DESCRIPTION OF THE TASK: For the records below, print the lines from the line with "在研究中位随访时间21个月时" through the line with "A classic black" exactly as written; include both end lines and exclude the rest.

EXERCISE DATA:

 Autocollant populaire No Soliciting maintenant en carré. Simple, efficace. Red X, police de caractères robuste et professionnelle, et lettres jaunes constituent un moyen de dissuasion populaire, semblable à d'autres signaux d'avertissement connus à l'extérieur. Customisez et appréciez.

...

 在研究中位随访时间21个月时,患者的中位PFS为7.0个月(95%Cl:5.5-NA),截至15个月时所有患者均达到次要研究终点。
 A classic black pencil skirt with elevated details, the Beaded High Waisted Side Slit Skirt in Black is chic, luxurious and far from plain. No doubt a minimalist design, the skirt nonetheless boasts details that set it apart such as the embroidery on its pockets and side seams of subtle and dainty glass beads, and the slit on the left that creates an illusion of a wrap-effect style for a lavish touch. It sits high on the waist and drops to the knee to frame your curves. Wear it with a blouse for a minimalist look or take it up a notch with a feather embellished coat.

TASK RESPONSE:
 在研究中位随访时间21个月时,患者的中位PFS为7.0个月(95%Cl:5.5-NA),截至15个月时所有患者均达到次要研究终点。
 A classic black pencil skirt with elevated details, the Beaded High Waisted Side Slit Skirt in Black is chic, luxurious and far from plain. No doubt a minimalist design, the skirt nonetheless boasts details that set it apart such as the embroidery on its pockets and side seams of subtle and dainty glass beads, and the slit on the left that creates an illusion of a wrap-effect style for a lavish touch. It sits high on the waist and drops to the knee to frame your curves. Wear it with a blouse for a minimalist look or take it up a notch with a feather embellished coat.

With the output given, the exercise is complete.